Document 1 - 10 different Field name (_id, name,dob, address,pin_code, Co-ordinates,etc.,)
Document 2 - Only 3 Field Name(_id, Name, Dob)
Document 3 - Contains 45 Field Name
Document 4 - Contains 150 Field Name
Document 5 - Contains 250 Field Name
Document 6 - Contains 200 Field Name
.
.
.
so on.

Field names may be similar or may vary from one document to other. Same is called “Sampling” in MongoDB.

If i want to find all Field name which is available in 1 Collection i have to manually verify all 1000 records. If i want to find all field with in the collection, irrespective of document, how do i find it?

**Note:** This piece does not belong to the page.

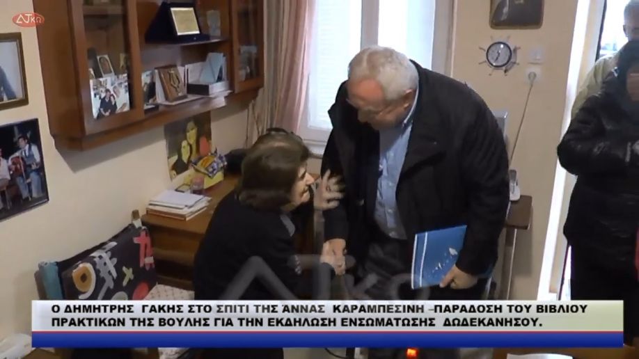 Ο Πρόεδρος της Επιτροπής Περιφερειών Δημήτρης Γάκης, πραγματοποίησε το διήμερο 8-9 Μαρτίου 2017 επίσκεψη στην Κω στο πλαίσιο των δραστηριοτήτων για το έτος Δωδεκανήσου, που με αφετηρία την ειδική συνεδρίαση της Ολομέλειας της Βουλής θα προγραμματιστούν σε κάθε νησί στη Δωδεκάνησο καθ’ όλη τη διάρκεια του 2017. Ο Δημήτρης Γάκης συναντήθηκε με τον Μητροπολίτη Κώου και Νισύρου κ. Ναθαναήλ. Ο βουλευτής Δωδεκανήσου, παραδίδοντας τον Τόμο πρακτικών της εκδήλωσης για την Ενσωμάτωση της Δωδεκανήσου που πραγματοποιήθηκε στις 2.3.16 στην Αίθουσα Γερουσίας του Κοινοβουλίου, ευχαρίστησε τον Σεβασμιώτατο Μητροπολίτη Κώου και Νισύρου για το κοινωνικό του έργο και ζήτησε τη συμβολή του στη διαμόρφωση των δράσεων για το έτος Δωδεκανήσου. Στη διάρκεια της συνάντησης, ανταλλάχθηκαν απόψεις για κοινωνικά και ανθρωπιστικά θέματα σε εγκάρδιο και ευχάριστο κλίμα. Ο Δημήτρης Γάκης στο σπίτι της Άννας Καραμπεσίνη Στη συνέχεια ο πρόεδρος της Επιτροπής Περιφερειών, επισκέφτηκε στην κατοικία της την ερμηνεύτρια και τραγουδοποιό των παραδοσιακών μας τραγουδιών Άννα Σαρρή-Καραμπεσίνη, της οποίας ποίημα για την Ενσωμάτωση της Δωδεκανήσου κοσμεί τον επετειακό Τόμο των πρακτικών. Σε ατμόσφαιρα φορτισμένη από έντονη συγκίνηση ο Δημήτρης Γάκης ευχαρίστησε εκ μέρους της Βουλής των Ελλήνων την Άννα Σαρρή-Καραμπεσίνη για την προσφορά της στην διατήρηση της λαϊκής παράδοσης και της Εθνικής ταυτότητας. Χαρακτήρισε την Άννα Καραμπεσίνη εξέχουσα προσωπικότητα της Δωδεκανήσου, Αγωνίστρια της πατρίδας, με όπλα την πένα και τη φωνή της. Η κυρία Καραμπεσίνη, έντονα συγκινημένη, ευχαρίστησε τον Δημήτρη Γάκη για την τιμή που της έγινε με την φιλοξενία του ποιήματος της στον Τόμο των πρακτικών της συνεδρίασης της Επιτροπής Περιφερειών της Βουλής για την Ενσωμάτωση αλλά και με την επίσκεψη του προέδρου της, βουλευτή Δωδεκανήσου, στο σπίτι της στην Κω και του χάρισε τέσσερα από τα πιο αγαπημένα της ποιήματα. Ακολούθως, ο Δημήτρης Γάκης επισκέφτηκε το Δήμαρχο Κω κ. Γ. Κυρίτση και το Διοικητή του Α.Τ. Κω κ. Δ. Καπανδρίτη, στους οποίους παρέδωσε τον επετειακό Τόμο πρακτικών της ειδικής εκδήλωσης για την Ενσωμάτωση της Δωδεκανήσου. Στη συνάντηση του βουλευτή Δωδεκανήσου με το Δήμαρχο Κω, συζητήθηκε το θέμα της διεκδίκησης και απόδοσης από την Πολιτεία στο λαό της Κω του κτήματος της πρώην Διοίκησης 80 ΑΔΤΕ για την δημιουργία Μουσείου Νεώτερης Ιστορίας της Κω. Τέλος, ο βουλευτής Δωδεκανήσου έδωσε συνέντευξη σε τοπικό ραδιοσταθμό για θέματα που αφορούν τις δράσεις του Έτους Δωδεκανήσου και μίλησε ευρύτερα, για τα σημαντικά αναπτυξιακά και επίκαιρα κοινωνικά θέματα που απασχολούν τη Δωδεκάνησο. Στη συζήτηση, ο Δ. Γάκης αναφέρθηκε στην πορεία των διαπραγματεύσεων για την ολοκλήρωση της αξιολόγησης και επεσήμανε τις δυνατότητες που αποκτά η ελληνική οικονομία μετά την λήξη του Προγράμματος το 2018. Για το έτος Δωδεκανήσου, ο βουλευτής είπε χαρακτηριστικά, ότι «αποτελεί μια πρώτης τάξεως ευκαιρία για να αναδείξουμε τις δυνατότητες κάθε νησιού ξεχωριστά, να προβάλουμε την εθνική σημασία, το ρόλο και τη μελλοντική προοπτική της Δωδεκανήσου». Το ΓΡΑΦΕΙΟ ΤΥΠΟΥ ΦΩΤΟ-http://www.dhras.gr/%CF%80%CE%BF%CE%BB%CE%B9%CF%84%CE%B9%CF%83%CE%BC%CF%8C%CF%82/item/14347-o-%CE%B4%CE%B7%CE%BC%CE%B7%CF%84%CF%81%CE%B7%CF%83-%CE%B3%CE%B1%CE%BA%CE%B7%CF%83-%CF%83%CF%84%CE%BF-%CF%83%CF%80%CE%B9%CF%84%CE%B9-%CF%84%CE%B7%CF%83-%CE%AC%CE%BD%CE%BD%CE%B1%CF%83-%CE%BA%CE%B1%CF%81%CE%B1%CE%BC%CF%80%CE%B5%CF%83%CE%B9%CE%BD%CE%B7-%E2%80%93%CF%80%CE%B1%CF%81%CE%B1%CE%B4%CE%BF%CF%83%CE%B7-%CF%84

Hello, @Jayaprakash_Nagappan!

The required result can be achieved mainly by using $objectToArray + $group stages.

Keep in mind, when using the examples below, that you may reach 16MB BSON document size limit, if there is a big variety of prop names or some prop names present in the most of documents in a huge collection.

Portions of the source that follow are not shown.